Яркий пример - открытие бозона Хиггса на Большом адронном коллайдере. Это был
самый громкий триумф физики за последние годы. А ведь проект стоимостью почти 9
миллиардов долларов был очень рискованным, никто не мог дать гарантии, что
предсказанная теорией "божественная частица" попадется. Ученые многих
стран своим авторитетом сумели убедить политиков, что нужно раскошелиться на
кругленькую сумму.
Но
ученые рисковали, и Нобелевская премия получена. Впрочем, надо заметить, что
другие обещания физиков, например, с помощью этой машины разобраться с антивеществом,
суперсимметрией, темной материей пока не реализованы. Пока бозон - единственная
крупная удача супердорогого коллайдера. Познание природы обходится человечеству
все дороже. Словом, нужно сочетание масштабности и риска.
И
у нас в ближайшее время должны запустить два мегапроекта: установки "Ника"

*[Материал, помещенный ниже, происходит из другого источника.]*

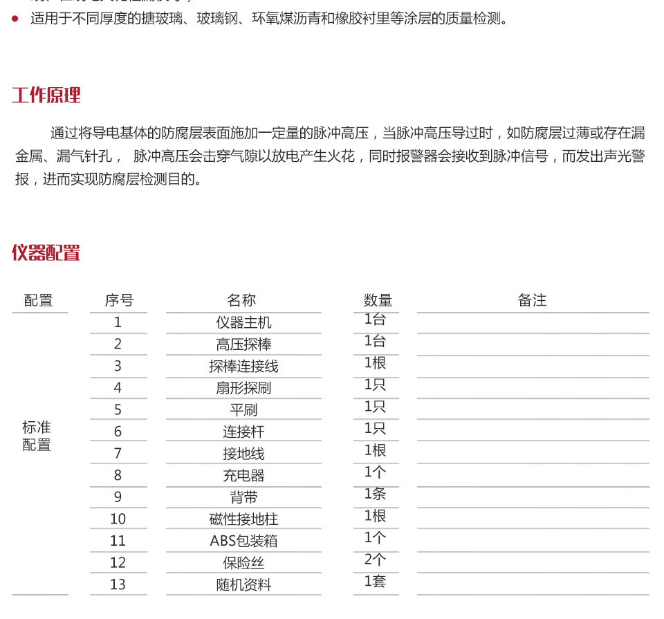 功能用途?適用于不同厚度的搪玻璃、玻璃鋼、環(huán)氧煤瀝青和橡膠襯里等涂層的質(zhì)量檢測(cè)。

в Дубне и "Пик" в Гатчине. Значит, мы в тренде? Появится шанс на
Нобеля?
Николай
Колачевский: Ситуацию я бы сравнил с лотереей. Если ты хочешь выиграть, надо
покупать больше билетов. Американцы и европейцы, как профессиональные игроки на
этом поле, запускают довольно много мегапроектов. А это очень большие деньги.
Конечно,
очень хочется сорвать "банк", имея ограниченный ресурс, вложиться
туда, где высокая вероятность выиграть. Но наука тем интересна, привлекательна
и сложна, что номер выигрышного билета неизвестен. Гарантий прорыва не даст
даже страховой полис. Одно можно сказать наверняка: наши новые установки дадут
принципиально новые знания, а вот насколько они окажутся прорывными, покажут
только эксперименты. Билеты мы покупаем, и это уже повышает наш нобелевский
шанс.
А
нужно нам в нынешней ситуации вообще гнаться за Нобелями? Согласно статистике,
они по карману богатым, лидируют США, Германия, Франция, Англия, Япония.
Николай
Колачевский: Сдавать позиции очень обидно, и я в принципе против такой
упаднической логики. И то, что в сложной экономической ситуации правительство
находит средства для крупных отечественных проектов, дает надежду, что наша
наука вновь выйдет в мировые лидеры. Но этими деньгами надо грамотно распорядиться.
Скажем, оперативно перегруппировывать научные кадры под новые задачи. И здесь у
нас серьезные проблемы, наша наука, увы, очень консервативна. На новые идеи нужен
"нюх", их надо чутко и быстро улавливать, быстро реагировать и прощупывать.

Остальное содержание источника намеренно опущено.